Archive for September, 2008

September 30, 2008: 7:00 am: AutoblogGeneral

not undertaken without arousing many sectional and personal hopes
and prejudices and jealousies, of which the echoes still linger
in local legends today
The building of the road, however satisfactory in the main, was
not undertaken without arousing many sectional and personal hopes
and prejudices and jealousies, of which the echoes still linger
in local legends today. Land-owners, mine-owners, factory-owners,
innkeepers and countless townsmen and villagers anxiously watched
the course of the road and were bitterly disappointed if the new
sixty-four-foot thoroughfare did not pass immediately through
their property. On the other hand, promoters of toll and turnpike
companies, who had promising schemes and long lists of
shareholders, were far from eager to have their property taken
for a national road. No one believed that, if it proved
successful, it would be the only work of its kind, and everywhere
men looked for the construction of government highways out of the
overflowing wealth of the treasury within the next few years.

: 5:00 am: AutoblogGeneral

debate it provoked was the organization of the first interlocking
companies in the commercial history of America
The direct result of the examiners” report and of the public
debate it provoked was the organization of the first interlocking
companies in the commercial history of America. The Lehigh
Navigation Company was formed with a capital stock of $150,000
and the Lehigh Coal Company with a capital stock of $55,000. This
incident forms one of the most striking illustrations in American
history of the dependence of a commercial venture upon methods of
inland transportation. The Lehigh Navigation Company proceeded to
build its dams and walls while the Lehigh Coal Company
constructed the first roadway in America built on the principle–
later adopted by the railway–of dividing the total distance by
the total descent in order to determine the grade. Not to be
outdone in point of ingenuity, the Lehigh Navigation Company,
then suffering from an unprecedented dearth of water, adopted
White”s invention of sluice gates connecting with pools which
could be filled with reserve water to be drawn upon as navigation
required. By 1819 the necessary depth of water between Mauch
Chunk and Easton was obtained. The two companies were immediately
amalgamated under the title of the Lehigh Coal and Navigation
Company and by 1823 had sent over two thousand tons of coal to
market.

September 29, 2008: 3:00 pm: AutoblogGeneral

imagination were fascinated with the idea of propelling boats by
mechanical means
During the era of river improvement already described, men of
imagination were fascinated with the idea of propelling boats by
mechanical means. Even when Washington fared westward in 1784, he
met at Bath, Virginia, one of these early experimenters, James
Rumsey, who haled him forthwith to a neighboring meadow to watch
a secret trial of a boat moved by means of machinery which worked
setting-poles similar to the ironshod poles used by the rivermen
to propel their boats upstream. ‘The model,’ wrote Washington,
‘and its operation upon the water, which had been made to run
pretty swift, not only convinced me of what I before thought next
to, if not quite impracticable, but that it might be to the
greatest possible utility in inland navigation.’ Later he
mentions the ‘discovery’ as one of those ‘circumstances which
have combined to render the present epoch favorable above all
others for securing a large portion of the produce of the western
settlements, and of the fur and peltry of the Lakes, also.’

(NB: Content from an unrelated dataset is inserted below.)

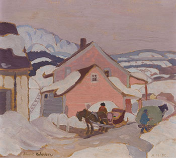 Albert Henry Robinson was born in 1881 in Hamilton, Ontario. Initially self-taught, he worked as an illustrator for The Hamilton Times from 1901 - 1903. He then attended the Hamilton Art School, where he was taught by the important teacher and impressionist painter John Sloan Gordon. Gordon had trained at the Académie Julian in Paris, and was considered a pioneer teacher in Canadian art education. Robinson would follow his lead and travel to Paris to attend the Académie Julian, where he would train under William Bouguereau in 1903. This was followed by further training at the École des beaux-arts. Robinson then traveled in Normandy and Corsica, painting with the British painter Thomas William Marshall and meeting the famed Canadian painter W. Blair Bruce. He suffered a bought of typhoid in 1905, which forced his return to Canada, where he was given a position at the Hamilton Art School with his old teacher, John Gordon. It was near Hamilton that he began to paint the landscape of Canada in oil, but his move to Montreal in 1908 and his subsequent fascination with the life of the people of the province of Quebec would define his work. In Quebec he met William Brymner and Maurice Cullen, and in 1909 would begin to show with the Royal Canadian Academy, being elected to associate membership in 1911 and full member in 1920. He met A.Y. Jackson in 1910, and traveled to France with him in 1911. He contributed to the Canadian War Memorials, painting scenes of shipbuilding and wartime activity in harbours. Jackson and Robinson painted together frequently after World War I, visiting the sketching locations now made famous by their works: St-Tite-des-Caps, Baie-St-Paul, various regions of the St. Lawrence River and the Laurentians. They were lifelong sketching companions. Robinson is also associated with other Quebec painters such as Clarence Gagnon, Randolph Hewton and Edwin Holgate, with whom he sketched and exhibited. Robinson’s work is defined by a particular affection for snow, hence white is a predominate colour in his palette. His works lean towards impressionism and are idyllic and pastoral, reflecting his deep love of Quebec and its people. He was an exceedingly fine colourist, and his methods include a characteristic square brush-stroke, almost pointillist in application, with which he was able to convey a sense of dappled light and joyousness.

: 7:00 am: AutoblogGeneral

obtained permission to export the necessary engine from Great
Britain and shipped it to New York, whither Fulton himself
proceeded to construct his steamboat
After considerable delay and difficulty, the two Americans
obtained permission to export the necessary engine from Great
Britain and shipped it to New York, whither Fulton himself
proceeded to construct his steamboat. The hull was built by
Charles Brown, a New York shipbuilder, and the Boulton and Watt
machinery, set in masonry, was finally installed.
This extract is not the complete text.